What other adaptations can help?
Stroke patients with weakness on one side have to change positions or use extra pillows for support. With numbness or weakness, they’re challenged to find more sensitive areas that they weren’t aware of. Also, they should face their partner directly during sexual activity, so the partner can read lips or facial expressions.

Patients with aphasia need to find nonverbal ways to communicate about what is and isn’t pleasurable. Patients with heart failure may have difficulty lying flat, so using pillows to support a more upright position can help as well. Those who have had coronary bypass surgery may need extra pillows to support the incision.

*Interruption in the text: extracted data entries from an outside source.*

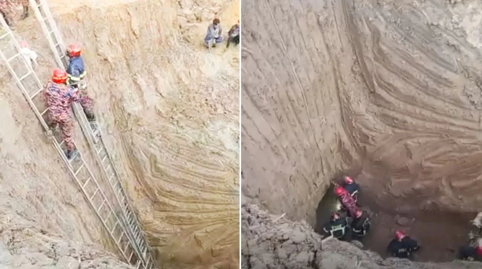 ফায়ার সার্ভিসের পাঁচটি ইউনিট ঘটনাস্থলে উদ্ধার তৎপরতার প্রাথমিক ধাপ পেরিয়ে এক্সাভেটর দিয়ে মাটি সরানো ছাড়া শিশু সাজিদকে উদ্ধার সম্ভব হচ্ছিল না।
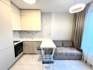 В квартире удобная функциональная планировка: кухня-гостиная (8 кв. м), спальня (10.2 кв. м), гардеробная с прихожей (5,52 кв.м), совмещенный санузел (4,4 кв. м).
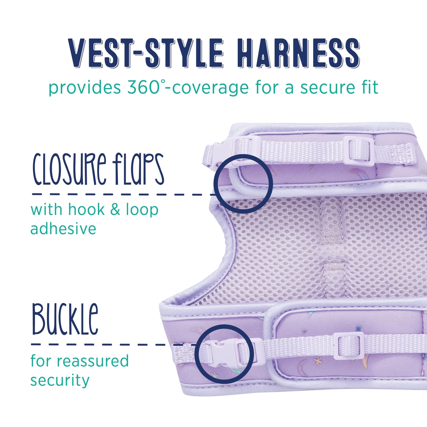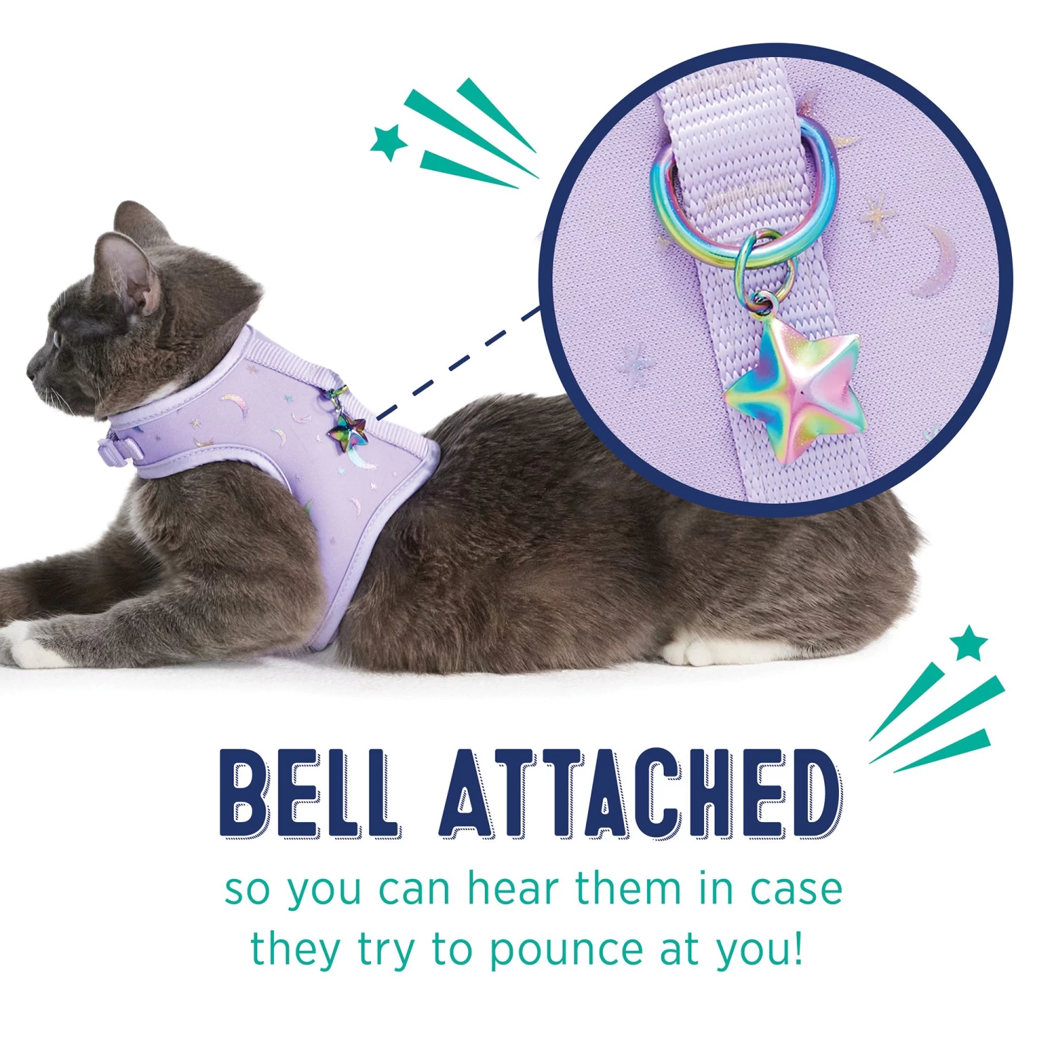 This Whisker City Purple Moons Kitten Vest Harness and Leash Combo Set is the perfect choice for enjoying outdoor excursions with your young feline friend. This combo set features a harness that is adjustable for a comfortable yet secure fit, as well as a leash that attaches to the harness for fun and relaxed walks with your kitten.

What about talking to same-sex couples?
Physicians may say they don’t have the capacity to address that. Well, they do. The new guidance recommends asking careful questions to find out what kind of sexual activity patients engage in and then determine if it will be possible or dangerous. We know at some point that same-sex couples—and some heterosexual couples—will resume anal sex, so we should give direct guidance as to when it’s safe. This may require exercise testing to determine.

What if the patient considers any discussion taboo?
People of different cultures have varying beliefs about sexuality. You should say, “I know sexual activity is an important part of the quality of life for many, and I want to make sure you have information you need when you go home.”

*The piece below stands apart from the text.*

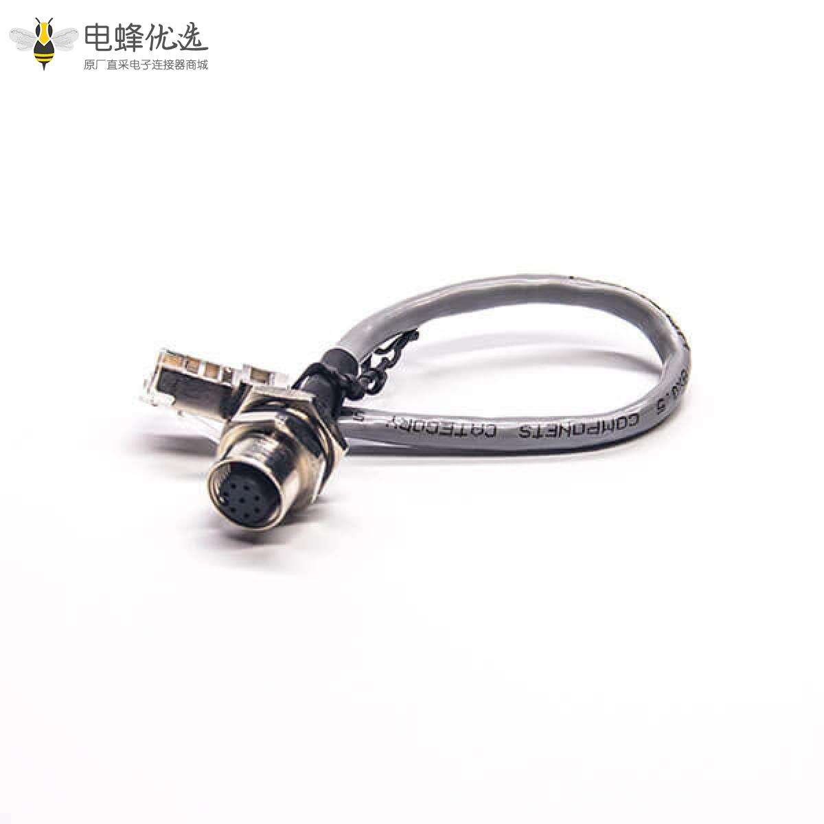 M12,型,双边线,8芯,母头,接线,焊接,带屏蔽;
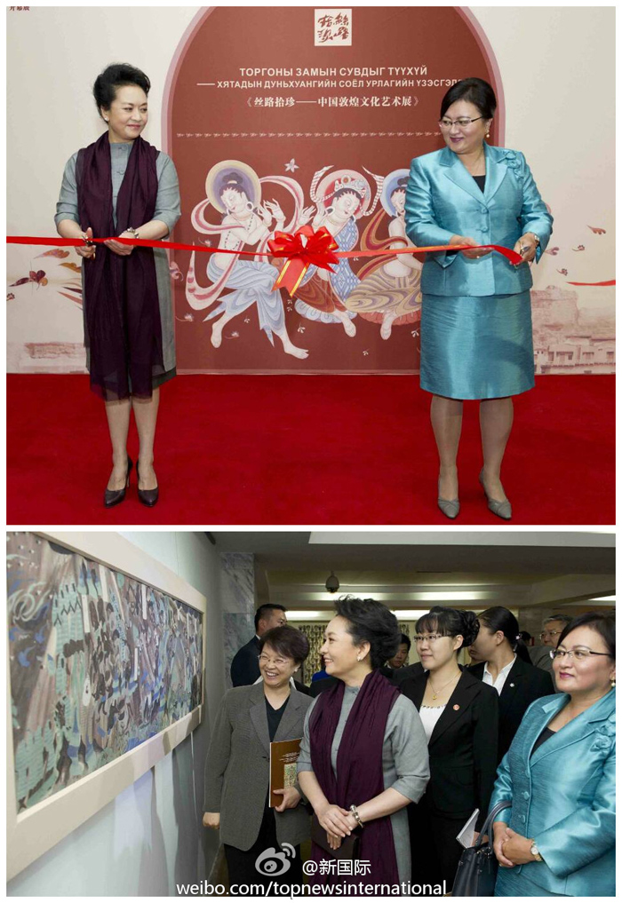 ???? 新華網(wǎng)北京8月22日電 據(jù)新華社“新國際”微博報(bào)道,習(xí)近平主席夫人彭麗媛和額勒貝格道爾吉總統(tǒng)夫人包勒爾瑪22日上午共同出席為慶祝中蒙建交65周年暨“中蒙友好交流年”舉行的中國文化周開幕式并剪彩,欣賞蒙古國藝術(shù)家的精彩演出,并參觀中國敦煌文化藝術(shù)展,觀賞臨摹的敦煌石窟壁畫、復(fù)制泥塑和樂器。

If the patient is still uncomfortable, say, “I can come back later and maybe we can resume this conversation.”

Bringing it up at least gives them an opportunity to say, “I’m not sure I can talk about this right now.”

What are patients’ fears?
Heart attack patients’ greatest concern is that sexual activity will cause another heart attack, although the chance of that happening is less than 1%. It typically happens only when patients overindulge with alcohol or a heavy meal or because of stress related to being with an unfamiliar partner. Just telling patients that the risk of another heart attack during sex is quite low relieves some anxiety.

Reassure them that blood pressure and heart rate rise for us all—and unless it’s sustained, it’s not of concern. Patients with chronic angina might take nitroglycerin prior to sexual activity. But if they have cardiac symptoms during sexual activity, tell them to talk to their health care provider to decide if it’s normal or if further testing is needed. Patients are also concerned about pain.

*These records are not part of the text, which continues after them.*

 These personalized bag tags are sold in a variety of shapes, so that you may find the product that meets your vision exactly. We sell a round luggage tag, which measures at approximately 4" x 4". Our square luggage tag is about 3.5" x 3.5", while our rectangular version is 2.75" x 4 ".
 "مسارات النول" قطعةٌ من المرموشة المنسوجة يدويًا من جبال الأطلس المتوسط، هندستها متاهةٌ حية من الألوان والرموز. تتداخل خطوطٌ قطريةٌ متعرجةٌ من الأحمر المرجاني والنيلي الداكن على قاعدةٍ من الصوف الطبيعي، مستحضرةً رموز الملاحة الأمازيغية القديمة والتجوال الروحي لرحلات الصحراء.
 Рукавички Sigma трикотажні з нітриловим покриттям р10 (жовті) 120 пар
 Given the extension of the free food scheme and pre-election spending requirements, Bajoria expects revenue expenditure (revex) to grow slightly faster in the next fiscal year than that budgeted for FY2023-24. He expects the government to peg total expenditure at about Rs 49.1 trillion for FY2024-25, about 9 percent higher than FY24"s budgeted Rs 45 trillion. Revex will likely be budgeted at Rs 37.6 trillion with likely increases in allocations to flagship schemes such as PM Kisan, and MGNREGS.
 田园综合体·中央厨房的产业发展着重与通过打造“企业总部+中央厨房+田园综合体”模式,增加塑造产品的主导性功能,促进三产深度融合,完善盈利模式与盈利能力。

Patients with a split sternum during surgery, even after six weeks of recovery, may need a mild pain reliever prior to sexual activity if there’s discomfort. Patients with bypass surgery or surgery for congenital heart disease may have some change in body image—an ugly scar or leg incision. Health care providers need to address that.

Should patients with a defibrillator be extra cautious?
Defibrillators may fire with sexual activity, though that occurs less often—10% or less—with newer devices. It can be frightening, so tell patients, “It won’t harm your partner. If it happens, stop, rest and report it to your health care provider at the next opportunity. If it continues to go off, get emergency treatment.”

Should partners be included in the conversation?
Research shows partners may have more anxiety and concern than patients themselves, so include them whenever possible.

What other providers should be talking to patients about this? It’s not just the hospitalist. It’s also the cardiologist, primary care physician, nurse practitioner, physician assistant, nurse and physical therapist. Put in the discharge plan, “Ms. Jones says she’s sexually active. We briefly discussed this. I’d appreciate it if you could continue this conversation with her.”

Paula S. Katz is a freelance health care writer based in Vernon Hills, Ill.